The genesis of our postmodern narcissistic age can be found in ideas that trace back to the pan-European Renaissance (14th-17th centuries), critically some 700 to 800 years ago.
While pathological narcissism has been around since time immemorial, it is the inflection point of the Renaissance, where narcissism takes root and informs our society today.
Lutheranism and Protestantism evolved out of the Renaissance and then clashed with the values of the Enlightenment.
We are living in a period that is reactionary and against the Enlightenment values, a period that resembles more the Renaissance in the early years of Protestantism and later perhaps Calvinism.

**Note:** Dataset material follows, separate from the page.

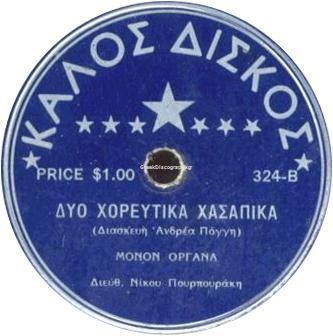 – "Dyo choreftika chasapika" [medley], Nikos Pourpourakis (orchestra direction, bouzouki), Andreas Pongis (arrangement, guitar), Dimitris Frantzeskakis (accordion), USA 1955 (Kalos Diskos 324-B).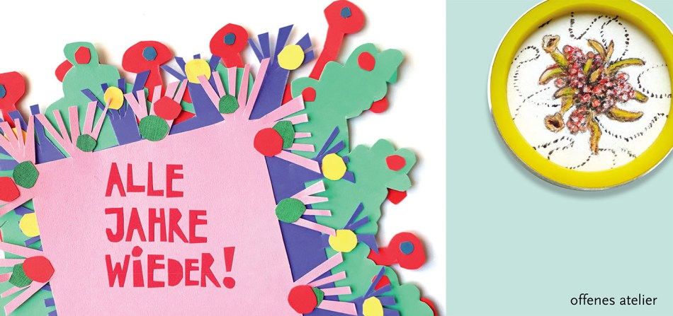 Wieder macht die Schmuckkünstlerin Haldis Scheicher für zwei Tage ihr Ateliers für eine vorweihnachtliche Verkaufsausstellung auf – neben ihren außergewöhnlichen Schmuckstücken, die diesmal Miniaturgemälde von Heidrun Widmoser in Silber fassen und mit der ‘WUNDERBRA’-Kollektion durchaus erotische Assoziationen wecken, hat sie Arbeiten der sonst in der Zacherlfabrik residierenden Schmuckdesignerin Birgit Schlarmann und der Grafikerin Christine Baumann sowie die schon traditionelle Pop-Up-Box der schnipselqueen zu Gast …

When did this Narcissism "Conspiracy" start and how did we get here?
A milestone in tracking the origins of narcissism includes Sigmund Freud’s seminal breakout essay On Narcissism (click here for my piece) in 1914. Twenge and Campbell cite the 1980s self-esteem movement as part of the origins of narcissism in their book The Narcissism Epidemic.
Narcissism shows up in present-day postmodern manifestations of woke ideology which I have documented here, here, and here.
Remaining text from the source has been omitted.